The garment industry seems poised to boom in Ayeyarwady Region, with a company developing an industrial park near Pathein signing a contract with a Chinese firm that plans to build 50 garment factories within two years.

The new factories would dramatically expand the town’s nascent manufacturing sector, which has for several years been attracting interest from local developers keen to set up industrial parks.

The Ayeyarwady Development Public Co Ltd said it has signed the contract with Hong Kong-based China Textile City Network Co Ltd. It’s the first commercial agreement ADPC has signed since it began preliminary work six years ago on Pathein Industrial City, which covers nearly 3,000 acres (about 1,200 hectares) on a site next to the Pathein River in the regional capital.

ADPC was established by Yangon-based conglomerate Ayeyar Hinthar in 2012 to develop the industrial park, which received Myanmar Investment Commission approval in late 2016.

ADPC vice-chairman Ko Ne Ne Hlwan Moe said the company had begun conducting feasibility studies and buying land for the industrial park in 2012, after then President U Thein Sein encouraged the idea during a meeting with the company in Nay Pyi Taw.

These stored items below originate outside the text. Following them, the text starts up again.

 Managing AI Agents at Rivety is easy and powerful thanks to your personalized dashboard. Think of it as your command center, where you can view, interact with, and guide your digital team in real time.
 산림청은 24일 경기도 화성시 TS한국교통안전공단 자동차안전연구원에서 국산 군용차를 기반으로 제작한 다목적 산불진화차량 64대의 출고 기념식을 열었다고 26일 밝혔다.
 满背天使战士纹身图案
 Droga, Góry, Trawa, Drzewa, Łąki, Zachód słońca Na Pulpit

ADPC was negotiating with another two foreign companies that wanted to establish an electric-motorbike factory and a gas-fired power plant on 100 acres at the park. The power plant is designed to provide power for the park and to help attract further investments.

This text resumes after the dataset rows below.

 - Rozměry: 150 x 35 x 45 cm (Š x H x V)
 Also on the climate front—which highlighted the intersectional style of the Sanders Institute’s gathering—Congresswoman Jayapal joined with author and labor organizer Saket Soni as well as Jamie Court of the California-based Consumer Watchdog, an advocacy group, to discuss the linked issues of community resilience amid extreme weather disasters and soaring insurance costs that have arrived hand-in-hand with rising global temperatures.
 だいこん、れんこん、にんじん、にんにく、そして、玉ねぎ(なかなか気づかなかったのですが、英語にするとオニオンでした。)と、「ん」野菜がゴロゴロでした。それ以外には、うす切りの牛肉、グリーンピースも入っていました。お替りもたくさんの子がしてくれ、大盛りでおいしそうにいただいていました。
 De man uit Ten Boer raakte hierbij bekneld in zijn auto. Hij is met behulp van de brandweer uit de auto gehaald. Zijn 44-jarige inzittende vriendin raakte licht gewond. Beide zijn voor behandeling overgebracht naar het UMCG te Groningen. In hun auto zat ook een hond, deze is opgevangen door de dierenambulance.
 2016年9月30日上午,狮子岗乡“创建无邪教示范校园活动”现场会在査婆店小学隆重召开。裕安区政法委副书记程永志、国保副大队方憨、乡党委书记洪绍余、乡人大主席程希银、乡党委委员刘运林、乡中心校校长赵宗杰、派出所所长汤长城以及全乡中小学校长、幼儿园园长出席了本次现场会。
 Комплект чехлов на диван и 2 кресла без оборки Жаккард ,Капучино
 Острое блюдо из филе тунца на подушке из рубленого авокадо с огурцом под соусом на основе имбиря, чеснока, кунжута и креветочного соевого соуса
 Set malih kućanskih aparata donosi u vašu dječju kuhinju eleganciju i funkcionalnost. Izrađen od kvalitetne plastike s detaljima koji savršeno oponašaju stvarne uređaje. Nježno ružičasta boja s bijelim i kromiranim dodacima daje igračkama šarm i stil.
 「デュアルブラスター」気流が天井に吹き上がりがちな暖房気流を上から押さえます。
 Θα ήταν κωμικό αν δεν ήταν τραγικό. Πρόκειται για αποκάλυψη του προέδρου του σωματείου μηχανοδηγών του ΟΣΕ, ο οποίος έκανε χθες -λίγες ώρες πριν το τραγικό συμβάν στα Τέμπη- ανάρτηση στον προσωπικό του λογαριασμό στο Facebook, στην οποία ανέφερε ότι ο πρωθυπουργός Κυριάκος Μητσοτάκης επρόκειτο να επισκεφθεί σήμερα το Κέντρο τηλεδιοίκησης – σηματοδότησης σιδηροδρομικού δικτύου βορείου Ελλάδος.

Ne Ne Hlwan Moe said ADPC was also about to sign an agreement with a foreign company that he declined to name to build a port and jetty to support the logistical needs of the industrial park.

ADPC hoped that the port and jetty would be built in a year and until then garments would be transported by road from Pathein to Yangon, he said.

The company had acquired 80 percent of the project area, 2,700 acres, at market prices, and was implementing the first phase of the park on 1,200 acres, Ne Ne Hlwan Moe said. It is still seeking to purchase the remaining 20 percent of land for the planned industrial park.

Infrastructure work on the first phase was about 80 percent complete and “will be completely finished in 2020”, he said.

Pathein’s location had a big influence on the decision to develop the industrial park.

The factories planned to export to South Korea, Japan and Europe, he said. While Yangon is the centre of garment production in Myanmar, he said Pathein possessed a number of advantages, including land prices less than half those in Yangon and the ability to ship directly to Singapore via the town’s port.

Ne Ne Hlwan Moe said that when the agreement with China Textile City Network is fully implemented in two years about 200,000 jobs would have been created.

“The region is attracting labour-intensive businesses because of low-cost and abundant labour here,” he said.

Unlike Yangon, garment factory workers at Pathein speak of harmonious relations with Chinese bosses.